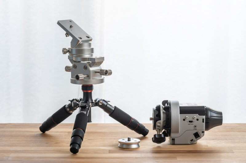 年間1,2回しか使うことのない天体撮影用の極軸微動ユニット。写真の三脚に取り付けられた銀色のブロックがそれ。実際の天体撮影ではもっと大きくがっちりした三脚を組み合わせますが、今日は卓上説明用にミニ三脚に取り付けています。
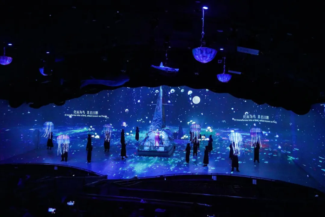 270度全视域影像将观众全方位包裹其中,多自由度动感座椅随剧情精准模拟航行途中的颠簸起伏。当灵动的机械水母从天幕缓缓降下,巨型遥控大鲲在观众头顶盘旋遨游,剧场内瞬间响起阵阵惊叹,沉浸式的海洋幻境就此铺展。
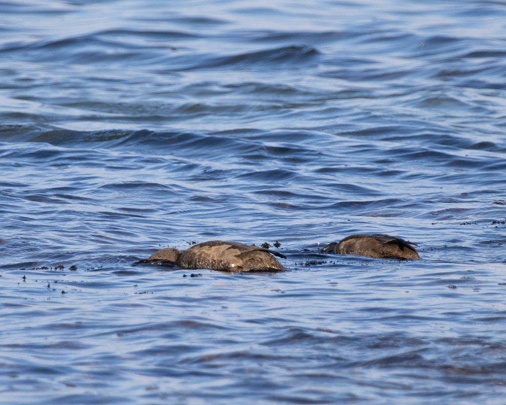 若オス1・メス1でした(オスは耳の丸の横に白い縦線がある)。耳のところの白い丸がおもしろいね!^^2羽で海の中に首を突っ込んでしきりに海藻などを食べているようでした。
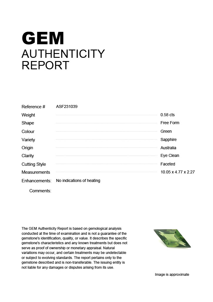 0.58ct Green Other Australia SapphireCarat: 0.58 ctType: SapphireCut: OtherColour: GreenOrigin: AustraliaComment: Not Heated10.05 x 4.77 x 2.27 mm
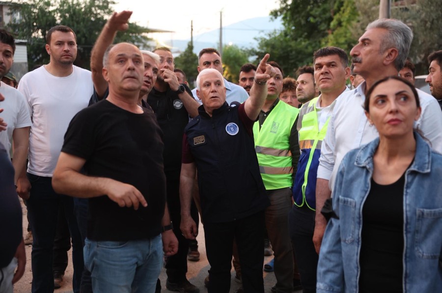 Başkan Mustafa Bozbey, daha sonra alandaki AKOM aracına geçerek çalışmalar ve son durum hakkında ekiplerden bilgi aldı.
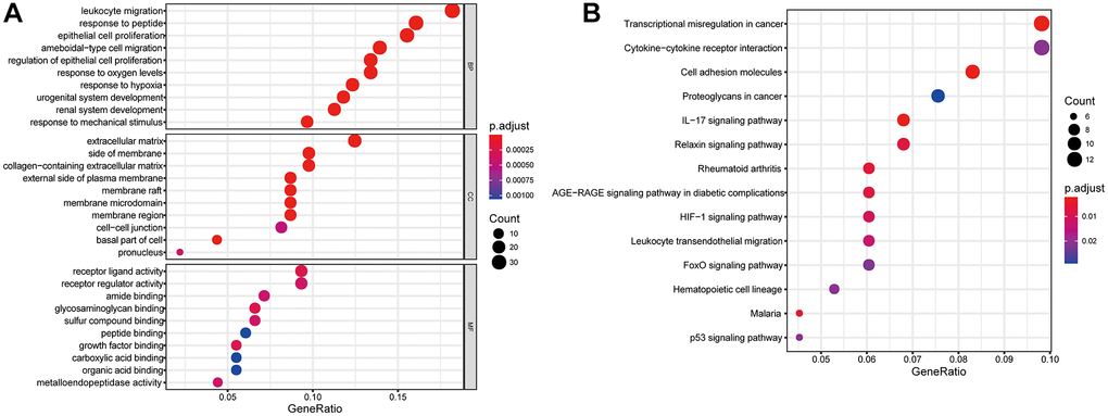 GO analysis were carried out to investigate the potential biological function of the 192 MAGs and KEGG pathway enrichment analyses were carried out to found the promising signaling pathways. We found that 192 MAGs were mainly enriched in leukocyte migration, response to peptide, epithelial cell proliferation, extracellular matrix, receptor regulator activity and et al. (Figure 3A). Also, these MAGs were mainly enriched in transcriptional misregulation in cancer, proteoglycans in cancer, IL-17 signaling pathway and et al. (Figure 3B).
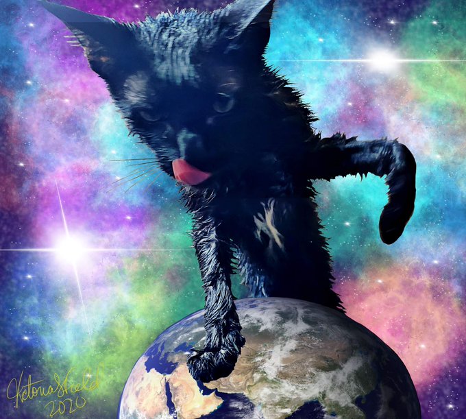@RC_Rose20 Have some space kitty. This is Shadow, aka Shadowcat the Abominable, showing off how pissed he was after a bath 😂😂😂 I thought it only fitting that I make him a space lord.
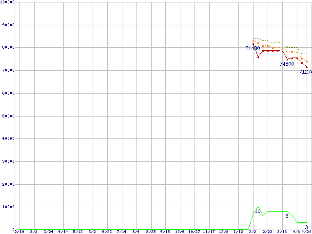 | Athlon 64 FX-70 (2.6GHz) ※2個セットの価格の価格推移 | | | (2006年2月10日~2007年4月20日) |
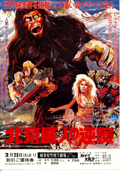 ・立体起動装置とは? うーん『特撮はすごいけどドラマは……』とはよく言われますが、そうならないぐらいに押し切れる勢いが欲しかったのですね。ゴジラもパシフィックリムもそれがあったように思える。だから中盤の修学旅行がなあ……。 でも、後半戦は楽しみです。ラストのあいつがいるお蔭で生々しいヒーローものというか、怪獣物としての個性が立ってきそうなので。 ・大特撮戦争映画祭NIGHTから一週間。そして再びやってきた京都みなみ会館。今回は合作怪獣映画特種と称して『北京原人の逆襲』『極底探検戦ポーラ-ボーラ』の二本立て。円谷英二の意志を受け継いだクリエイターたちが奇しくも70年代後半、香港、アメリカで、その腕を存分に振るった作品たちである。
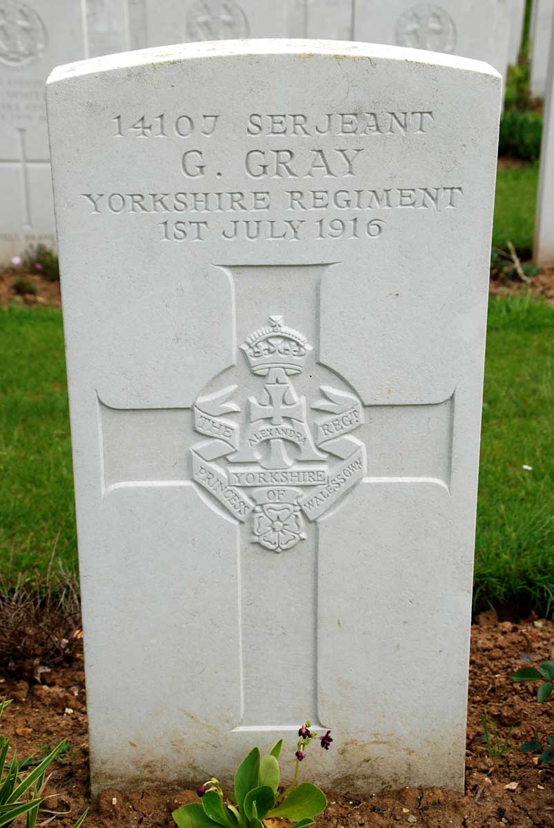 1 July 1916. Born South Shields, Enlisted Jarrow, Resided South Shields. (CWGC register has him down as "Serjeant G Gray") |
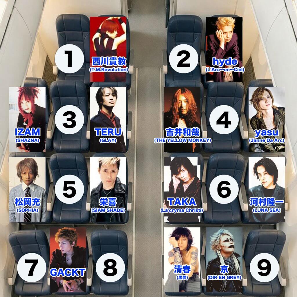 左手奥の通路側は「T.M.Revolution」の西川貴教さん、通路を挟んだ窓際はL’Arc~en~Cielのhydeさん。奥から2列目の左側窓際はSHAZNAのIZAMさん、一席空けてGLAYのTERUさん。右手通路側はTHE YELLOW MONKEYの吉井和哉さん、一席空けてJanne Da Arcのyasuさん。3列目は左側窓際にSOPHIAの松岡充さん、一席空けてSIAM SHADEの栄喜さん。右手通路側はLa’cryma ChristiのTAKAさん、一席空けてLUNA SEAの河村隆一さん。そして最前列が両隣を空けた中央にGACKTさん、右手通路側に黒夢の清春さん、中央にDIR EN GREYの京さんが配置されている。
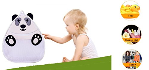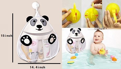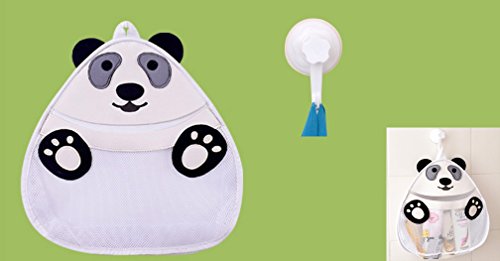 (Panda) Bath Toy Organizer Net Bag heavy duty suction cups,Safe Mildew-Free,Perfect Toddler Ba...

*-*-*

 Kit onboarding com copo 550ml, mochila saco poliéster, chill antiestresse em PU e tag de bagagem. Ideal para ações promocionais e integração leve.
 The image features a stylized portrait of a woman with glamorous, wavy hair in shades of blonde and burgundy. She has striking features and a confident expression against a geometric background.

*-*-*

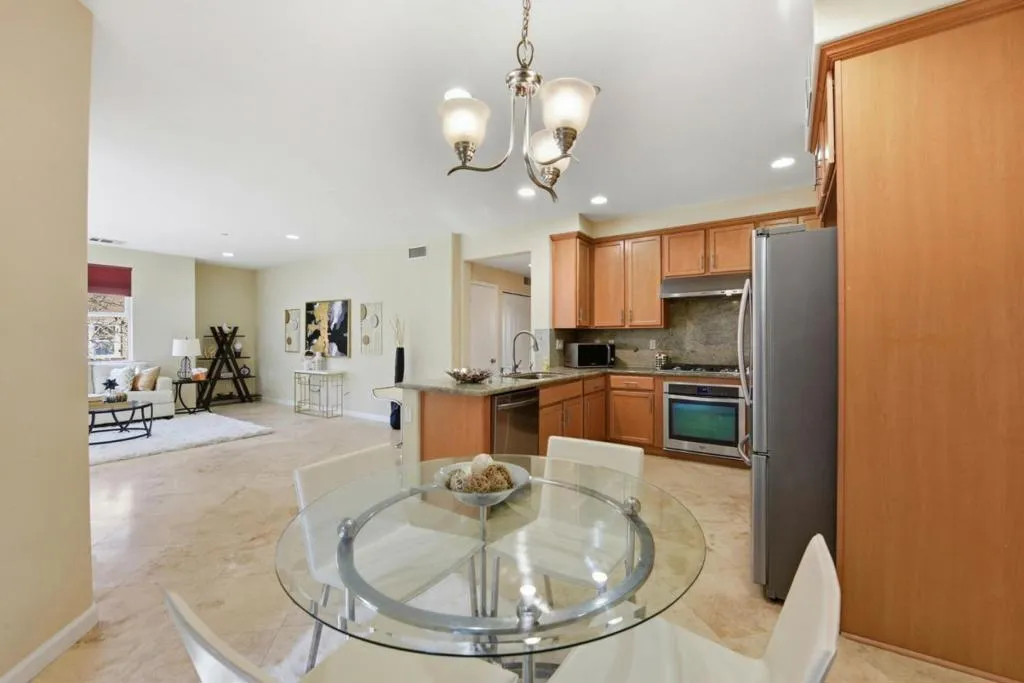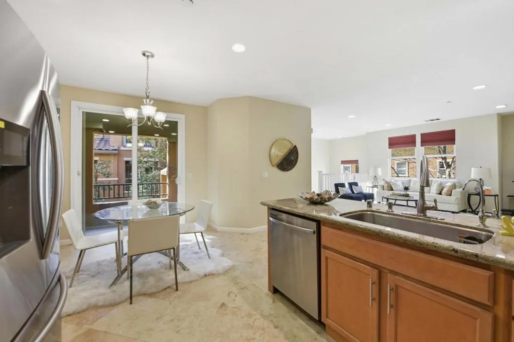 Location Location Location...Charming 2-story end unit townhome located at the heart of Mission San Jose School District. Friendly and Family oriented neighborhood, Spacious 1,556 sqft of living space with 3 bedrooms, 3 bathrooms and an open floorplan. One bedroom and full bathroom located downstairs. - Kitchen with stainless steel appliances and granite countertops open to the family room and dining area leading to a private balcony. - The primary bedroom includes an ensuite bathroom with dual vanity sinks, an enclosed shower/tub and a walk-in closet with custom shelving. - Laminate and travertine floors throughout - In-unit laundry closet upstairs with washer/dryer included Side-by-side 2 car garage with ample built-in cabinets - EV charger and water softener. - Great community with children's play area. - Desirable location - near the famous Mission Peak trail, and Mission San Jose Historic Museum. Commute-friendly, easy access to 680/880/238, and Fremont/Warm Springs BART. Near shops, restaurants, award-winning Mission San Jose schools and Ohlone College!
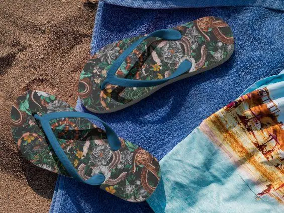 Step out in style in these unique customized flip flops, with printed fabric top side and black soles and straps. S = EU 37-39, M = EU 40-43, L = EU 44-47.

*-*-*

• **Exercise goal**
Text only, no pictures: please print exactly the lines above from the line with "年間1,2回しか使うことのな" up to and including the line with "Başkan Mustafa Bozbey, daha", and nothing else.

• **Task answer**
 年間1,2回しか使うことのない天体撮影用の極軸微動ユニット。写真の三脚に取り付けられた銀色のブロックがそれ。実際の天体撮影ではもっと大きくがっちりした三脚を組み合わせますが、今日は卓上説明用にミニ三脚に取り付けています。
 270度全视域影像将观众全方位包裹其中,多自由度动感座椅随剧情精准模拟航行途中的颠簸起伏。当灵动的机械水母从天幕缓缓降下,巨型遥控大鲲在观众头顶盘旋遨游,剧场内瞬间响起阵阵惊叹,沉浸式的海洋幻境就此铺展。
 若オス1・メス1でした(オスは耳の丸の横に白い縦線がある)。耳のところの白い丸がおもしろいね!^^2羽で海の中に首を突っ込んでしきりに海藻などを食べているようでした。
 0.58ct Green Other Australia SapphireCarat: 0.58 ctType: SapphireCut: OtherColour: GreenOrigin: AustraliaComment: Not Heated10.05 x 4.77 x 2.27 mm
 Başkan Mustafa Bozbey, daha sonra alandaki AKOM aracına geçerek çalışmalar ve son durum hakkında ekiplerden bilgi aldı.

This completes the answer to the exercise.